To pair this desk with a chair built for long gaming sessions, see our roundup of best gaming chairs or the full gaming posture guide for how to dial in the rest of your setup.
For more options across the standing desk category, our best gaming desks roundup and best standing desks guide cover the full range.
Buying Guide: What to Look for in a Premium Gaming Desk
Height range: Your ideal sitting height is elbows at 90 degrees. Your ideal standing height is the same. Most adults need a range from roughly 27 to 45 inches — make sure the desk covers both ends before you buy.
Stability: Two-leg frames are cheaper to manufacture but wobble more at standing height. H-frame (two crossbars) and C-frame designs handle stability differently. The Magnus Pro is one of the better two-leg designs available, but it’s still a two-leg frame.
Motor count: Dual-motor desks lift more smoothly and handle heavier loads. Single-motor desks are adequate for lighter setups but strain under triple-monitor configurations or heavy gaming rigs.
Cable management: Most desks include a basic cable tray at best. If you have a complex setup, budget for a dedicated cable management solution — or buy a desk like the Magnus Pro that integrates it into the frame.
Warranty: 5 years is acceptable minimum. 10 years is standard for serious long-term ownership. 15 years (offered by Uplift and some others) is the best available.
FAQ
Is the Secretlab Magnus Pro worth it for non-gamers?
The Magnus Pro’s design is gaming-inspired but the desk works equally well in a home office context. The cable management benefits apply for gaming setups and home office video calls alike.
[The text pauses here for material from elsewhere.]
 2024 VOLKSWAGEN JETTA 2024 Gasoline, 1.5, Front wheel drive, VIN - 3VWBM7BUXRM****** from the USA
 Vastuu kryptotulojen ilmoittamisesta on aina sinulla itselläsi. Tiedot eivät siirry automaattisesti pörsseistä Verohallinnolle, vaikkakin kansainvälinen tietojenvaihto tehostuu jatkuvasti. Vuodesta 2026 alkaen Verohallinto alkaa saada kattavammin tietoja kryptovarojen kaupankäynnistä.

If the aesthetic doesn’t bother you, it performs as well as any premium standing desk at this price.
How hard is Magnus Pro assembly?
The assembly process itself is clear and well-engineered — the hardware is high quality and fits without force. The challenge is weight: at 125 lbs, attaching the frame to the desktop is difficult alone. Budget 1.5–2 hours and bring someone to help.
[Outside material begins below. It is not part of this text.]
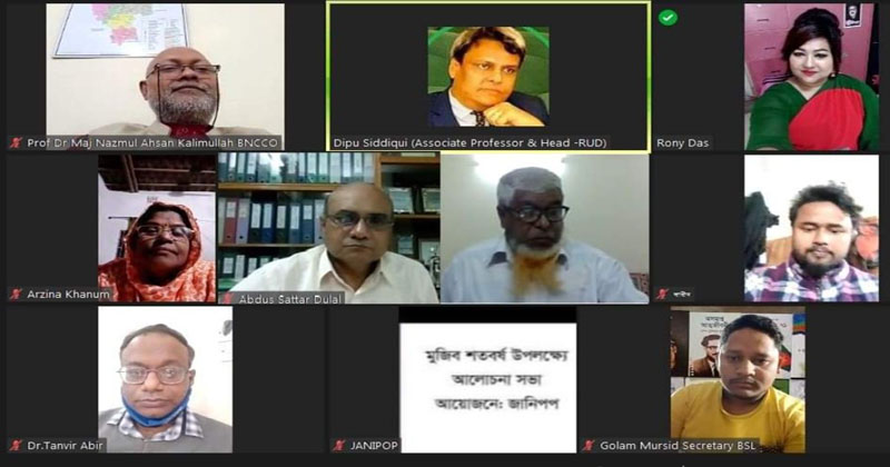 মুজিব শতবর্ষ উপলক্ষ্যে আজ শনিবার (১৮ ডিসেম্বর) জানিপপ কর্তৃক আয়োজিত বর্ষকালব্যপী জুম ওয়েবিনারে আলোচনা সভার ১৩৮তম পর্ব অনুষ্ঠিত হয়।
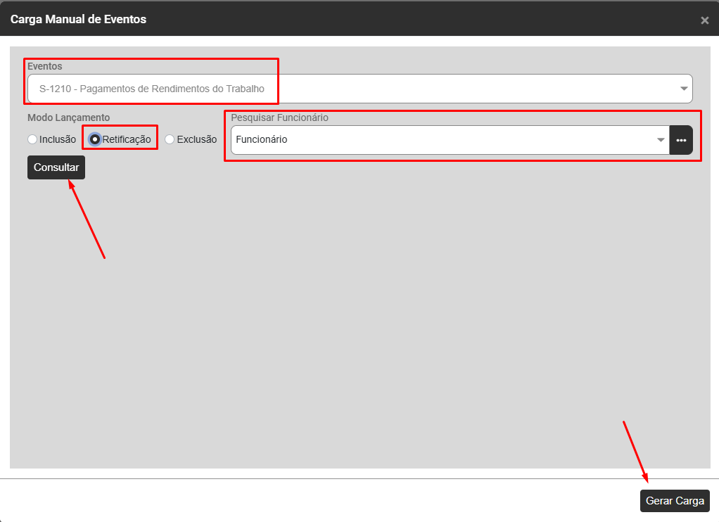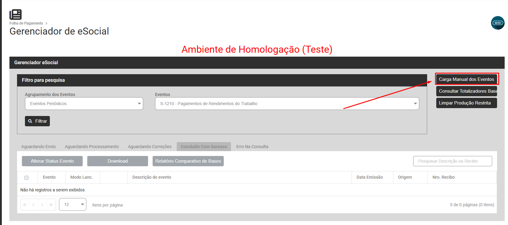 Para gerar a carga do evento de retificação, acesse o botão Carga Manual dos Eventos

Can the Magnus Pro hold a triple-monitor setup?
Yes, within limits. The 265-pound weight capacity covers most triple-monitor builds including arms and peripherals. A setup with three 32-inch monitors, a gaming PC, and full desk peripherals typically falls in the 80–120 lb range — well within spec.
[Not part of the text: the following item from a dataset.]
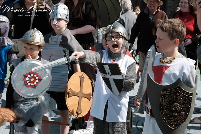 On May 7th the long awaited statue of William Marshal was unveiled. And what a great day it was - the community turned out in force to witness it. And they were not disappointed. HM Deputy Lord Lieutenant Mr Meurig Raymond did the honours. pulling away the covering sheet to reveal the magnificent, life size, bronze statue by Harriet Addyman. Following the unveiling ceremony, everyone made their way to the Castle for a community celebration which, thanks to the generosity of the Castle Trustees, was opened up with free entry for all.

Does the Magnus Pro wobble at standing height?
Minimal wobble at standing height. Independent reviewers consistently describe it as one of the more stable two-leg frames available — noticeably better than most budget standing desks at max height. It’s not zero wobble, but it won’t shake your monitors during typing or mouse use.
What’s the difference between the Magnus Pro and the new Magnus Evo?
The Evo is $50 cheaper with the same core cable management system but a narrower height range (28.3”–46.1” vs 25.6”–49.2”) and a hybrid laminate desktop instead of full steel. For most average-height users, the Evo covers the same ground for less. The Pro is worth the extra cost if you need the full height range or want the all-metal desktop.
Does the Magnus Pro come with a desk mat?
Some bundles include a MAGPAD desk mat — check the specific Amazon listing. The base desk does not always include the mat. The MAGPAD is magnetic and integrates with the desk’s accessory ecosystem, but it’s optional.
Verdict
The Magnus Pro earns its reputation. Cable management this integrated is genuinely rare at any price, the stability is better than the two-leg frame suggests, and the steel construction communicates real build quality at every touchpoint. At $799 it’s not cheap — and the 5-year warranty is a legitimate weakness — but for a serious gaming or work setup that you plan to use daily for years, the premium over a basic standing desk is justified.
The Secretlab Magnus Pro is the desk I’d actually buy for a long-term gaming setup. If the full price is a stretch, the Magnus Evo covers the same core experience for $50 less — and the Easter sale through April 10 makes now a reasonable time to pull the trigger on either one.